Active Living

Research themes

¸£Àû×ÅÆ¬ out about the areas of research we investigate.

Health Inequalities in Active Living

Communication impacts upon every clinical encounter and is considered the most important aspect of practice that health professionals have to master. 

This research programme includes projects within three key strands: 

  • communication and decision-making
  • improving patient experience
  • improving health and promoting independence using technologies for people with back pain

Musculoskeletal health technologies

The way we move can affect how healthy our joints are and how well we function. Our research aims to enable good quality movement to make exercise safer by improving function and protecting joints from injury or disease, for lifelong active living.

Optimisation of Foot and Ankle Musculoskeletal Health for Active Living

Activity for health is essential at all ages, yet foot and ankle problems can significantly limit mobility and quality of life. Our vision is to enhance musculoskeletal foot health to enable lifelong active living through innovative, inclusive research. 

We are committed to transforming the understanding, prevention, and management of foot and ankle conditions, particularly musculoskeletal disorders, through innovative, patient-centred research. 

Our work focuses on reducing health inequalities, supporting underserved populations, and improving clinical outcomes by advancing evidence-based care, digital innovation, and stakeholder engagement.

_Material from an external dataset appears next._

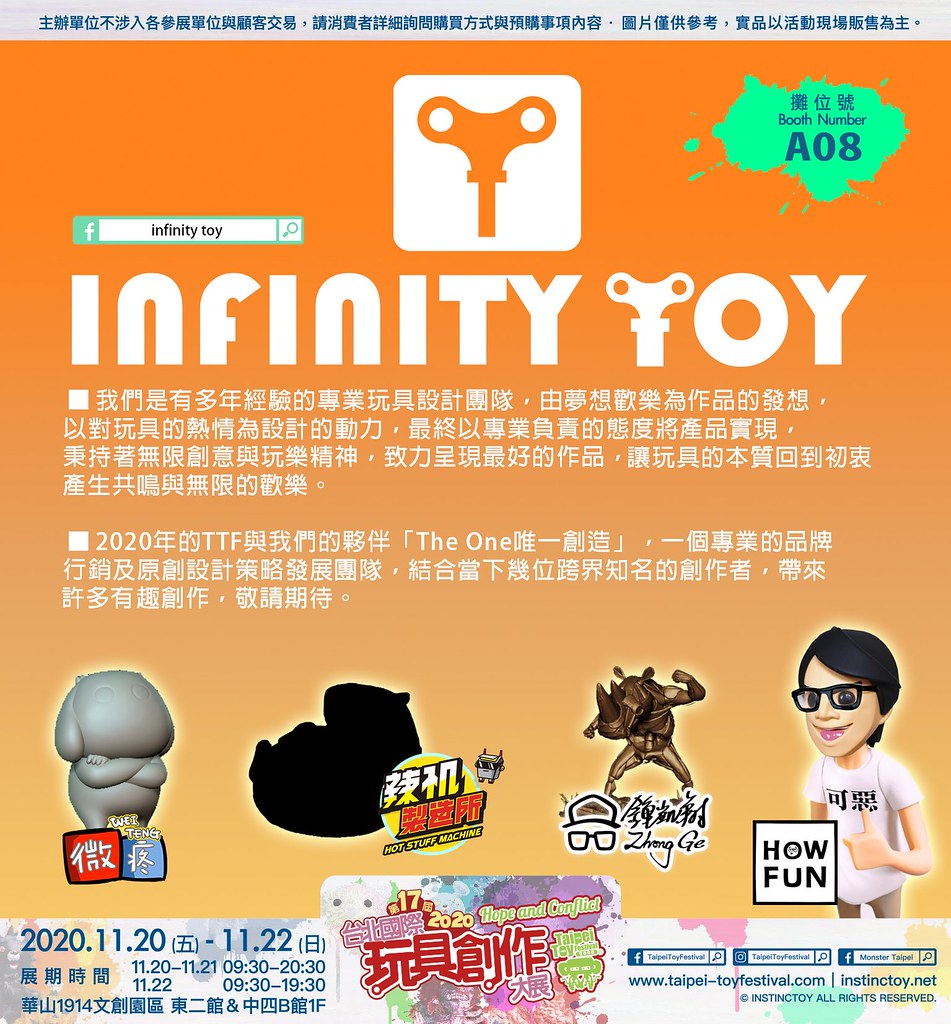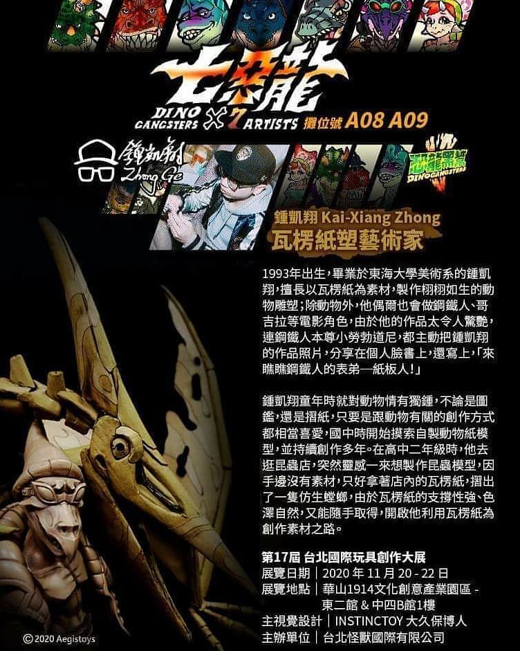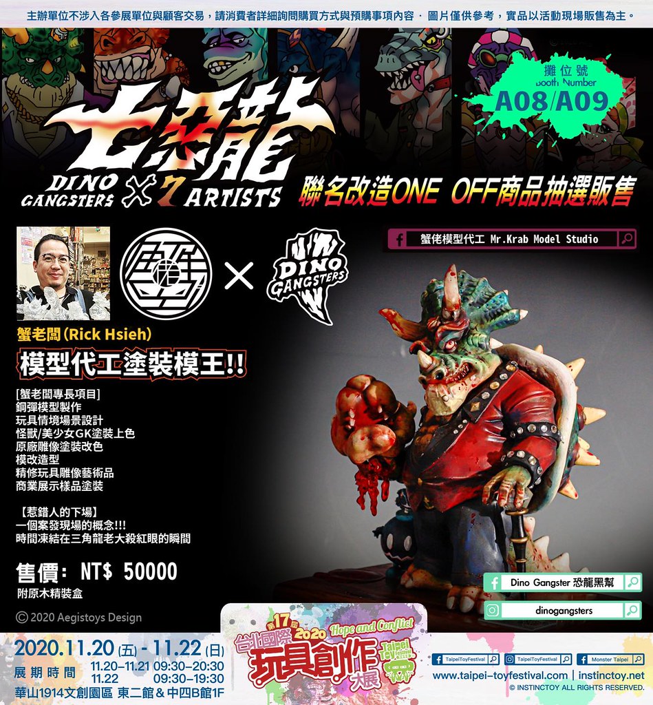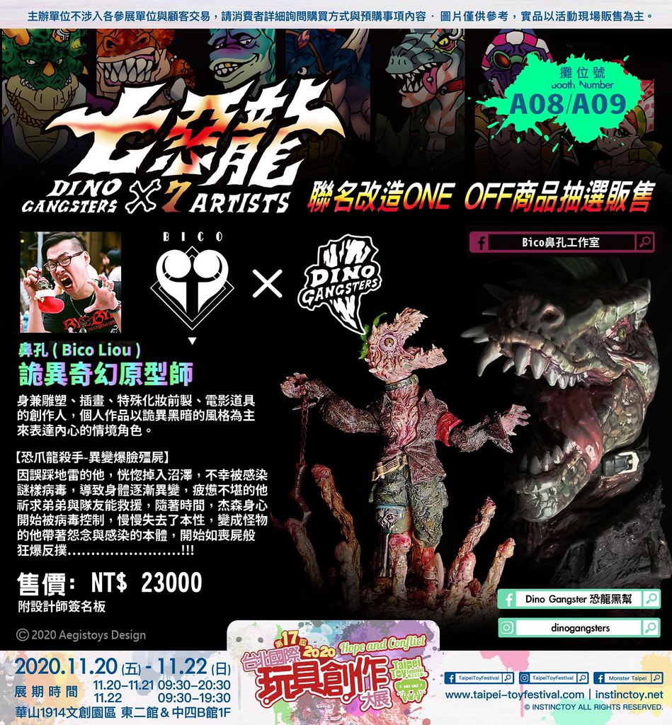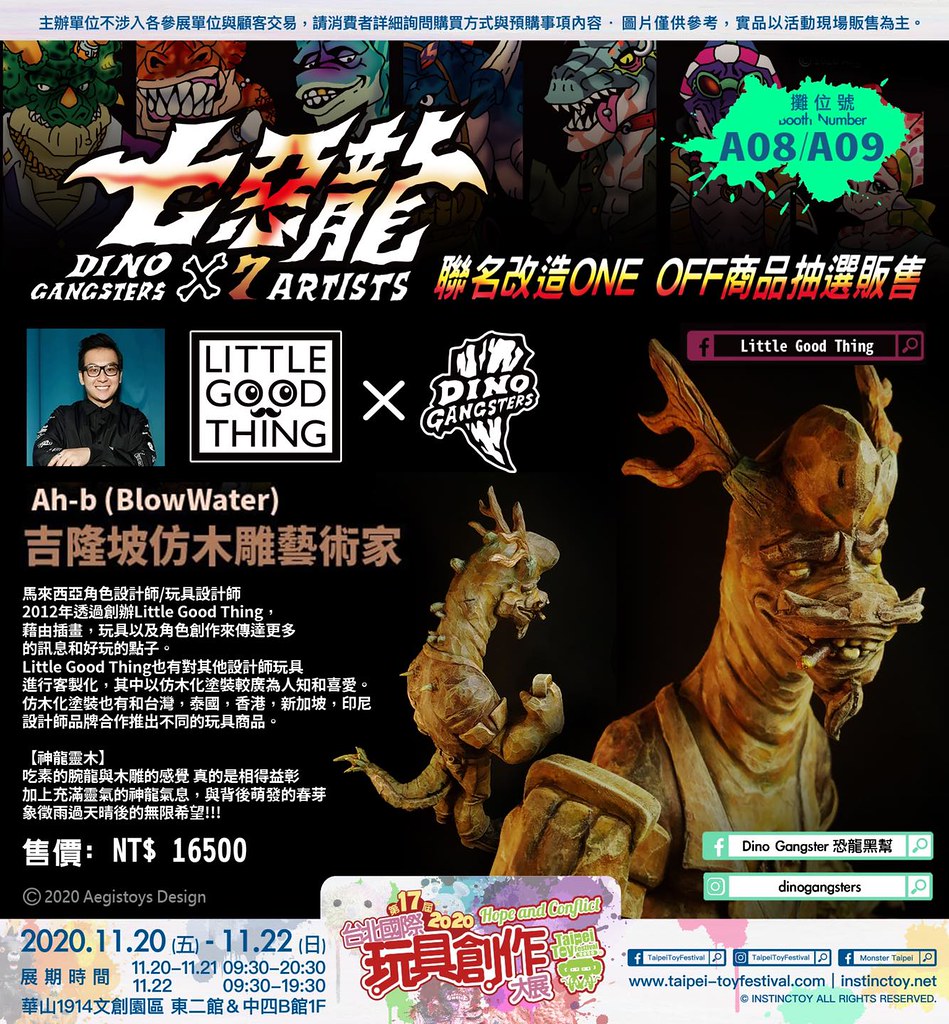 首次參戰玩具盛事-第 17 屆TaipeiToyFestival 台北國際玩具創作大展(TTF 2020)就帶來精彩的恐龍黑幫【DINOGANGSTERS X 7-ARTISTS】2020TTF 限量one off改造藝術品商品「無齒翼龍之祖靈守護神」,以及與玩具設計團隊 Infinity Toy 合作的《剝奪仔·犀角》紙塑原件&搪膠樣品首次公開展出!

By translating research into practice and shaping national and international health policy, we strive to ensure that everyone can stay active and healthy throughout life. 

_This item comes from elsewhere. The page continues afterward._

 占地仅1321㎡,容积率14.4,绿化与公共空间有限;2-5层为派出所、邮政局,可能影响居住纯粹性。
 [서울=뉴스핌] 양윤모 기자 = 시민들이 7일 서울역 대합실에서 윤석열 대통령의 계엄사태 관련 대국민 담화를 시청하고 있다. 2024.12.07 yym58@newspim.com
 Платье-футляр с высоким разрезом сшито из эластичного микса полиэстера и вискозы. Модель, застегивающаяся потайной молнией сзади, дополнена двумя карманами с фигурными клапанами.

Our multidisciplinary team leads pioneering work in: 

  • osteoarthritis and musculoskeletal health 
  • women’s foot health and service innovation 
  • genomic risk prediction for diabetic foot complications 
  • digital solutions for foot orthoses provision 
  • evaluation of musculoskeletal foot pain services 
  • integration of diagnostic ultrasound in clinical care 

People Powered Prosthetics

The is committed to using research to improve the lives, limbs and rehabilitation of anyone effected by limb loss. 

We carry out multidisciplinary working with internal and external University contributors across Allied Healthcare, Prosthetic and Orthotic, engineering, healthcare psychology, computer science, enterprise, service and social statistics and demography.  

Most importantly, all of our work and research is user-led working in partnership with service users to ensure all activity is valuable and meaningful addressing what really matters. 

We also take a research-led teaching approach running our flagship multidisciplinary programme, MSc in Amputation and Prosthetic Rehabilitation.

PHLEX: Physiology of Health, Lifestyle and Exercise

PHLEX/ExMED is a pioneering research group that addresses urgent national and global health challenges through exercise-focused research and innovation.  

Research pillars

  • exercise and physical activity in the diagnosis, prevention and treatment of long-term conditions
  • exercise and physical activity in the diagnosis, prevention and treatment of long-term conditions
  • clinical exercise testing and mechanisms of exercise limitation
  • long-term athlete health and injury/illness prevention in sport

Our primary mission is to advance Clinical Exercise Physiology and Rehabilitation as a cornerstone of multidisciplinary healthcare, delivering translational science that improves lives, informs public health policy, and strengthens health systems.  

We are shaping the future of healthcare, where exercise is not supplementary, but a foundational component of prevention, treatment, and rehabilitation.  

Physical Activity and Cardiometabolic Health (PAC-Health)

Regular physical activity helps prevent, treat, and manage non-communicable diseases, such as heart disease, stroke and many cancers. We design, implement, and evaluate physical activity and lifestyle interventions, across the lifespan, that aim to:

  • improve health literacy
  • effectively prevent health ‘events’ (eg stroke, heart attack) using co-designed, cost-effective, primary and secondary prevention approaches
  • manage long-term conditions for better health and quality of life

We work in both high-income countries (HICs) and low-middle-income countries (LMICs), tackling the UN Sustainable Development Goals of Good Health and Wellbeing (SDG 3) and Reducing Inequalities (SDG 10). 

In this theme, our high-quality research is linked with our educational portfolio for pre-registration, undergraduate, and postgraduate students in many nursing, midwifery, and allied health professions’ programmes. It also includes our new MSc and CPD modules in Clinical Exercise Physiology (in development). The CEP modules are set to start in September, 2025.